Phase 0: Pre-flight checks (MkDocs site exists, nav structure, GitHub Pages)
Phase 1: Discovery (read mkdocs.yml nav, read all doc pages, classify sections)
Phase 2: Generate llms.txt (curated index with section organization)
Phase 3: Generate build hook (MkDocs on_pre_build hook for llms-full.txt)
Phase 4: Wire into build (mkdocs.yml hooks, .gitignore, verify build)
Phase 5: Commit, PR, verify deployment

When to Use

  • Adding llms.txt to an existing MkDocs documentation site
  • Making project docs queryable by AI tools (Context7, mcpdoc, Claude Code, Cursor)
  • Phase 0 of a docs-as-MCP initiative

Inputs

ParameterTypeDefaultDescription
project_rootpathcwdProject root directory
site_urlstringfrom mkdocs.ymlBase URL for the docs site
optional_sectionsstring[]["Theory", "Optional"]Nav sections to put under ## Optional in llms.txt
issue_numberint | nullnullGitHub issue to close with the PR

Phase 0: Pre-Flight Checks

0.1 MkDocs Site Exists

Verify:
- mkdocs.yml exists at project root
- docs/ directory exists with .md files
- site_url is configured in mkdocs.yml (or provided as input)
- nav: section exists in mkdocs.yml (required for structured generation)

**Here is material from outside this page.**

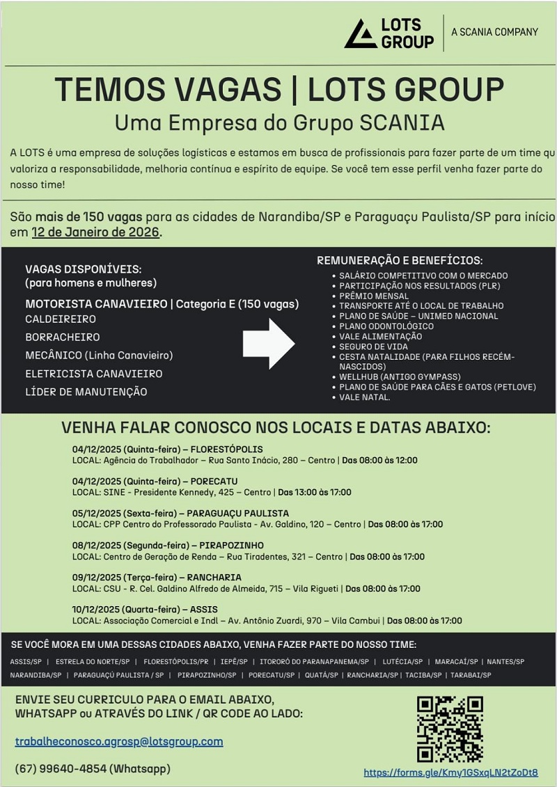 A LOTS Group, empresa do Grupo Scania, está com mais de 150 vagas de emprego abertas para atuação nas cidades de Narandiba-SP e Paraguaçu Paulista-SP, com início previsto para 12 de janeiro de 2026. As oportunidades são voltadas para homens e mulheres que desejam ingressar no setor de soluções logísticas.

If mkdocs.yml has no nav:, STOP and inform user.
The nav structure is what determines llms.txt organization.

0.2 Existing llms.txt

Check for:
- docs/llms.txt        → Already exists, ask user: overwrite or update?
- docs/llms-full.txt   → Generated file, safe to overwrite
- hooks/ directory      → May already have MkDocs hooks
- mkdocs.yml hooks:     → May already have hooks registered

If llms.txt exists, switch to "update" mode.

0.3 GitHub Pages Status

# Is the site deployed?
gh api "/repos/{OWNER}/{REPO}/pages" 2>/dev/null
# 200 = deployed (we can verify URLs after)
# 404 = not deployed (note for user)

Phase 1: Discovery

Goal: Understand the docs structure completely before generating anything.

1.1 Parse mkdocs.yml Nav

Read mkdocs.yml and extract the full navigation tree:

For each nav entry:
  - Section name (H2 in llms.txt)
  - Page title
  - Page path (relative to docs/)
  - Nesting depth

Output: Ordered list of (section, title, path) tuples

1.2 Read All Doc Pages

For each page in the nav:

Read the .md file and extract:
  - First heading (H1) — use as display name if different from nav title
  - First paragraph — use as description in llms.txt link entry
  - Total line count — for size estimation of llms-full.txt

1.3 Classify Sections

Determine which nav sections are “core” vs “optional”:

Core (always included):
  - Getting Started, Installation, Quick Start
  - Guides, How-to, Usage
  - Reference, API, CLI
  - Architecture

Optional (included under ## Optional):
  - Theory, Tutorials, Background
  - Philosophy, About
  - Roadmap, Changelog
  - Contributing, Development
  - Any section matching optional_sections input

The user's optional_sections input overrides defaults.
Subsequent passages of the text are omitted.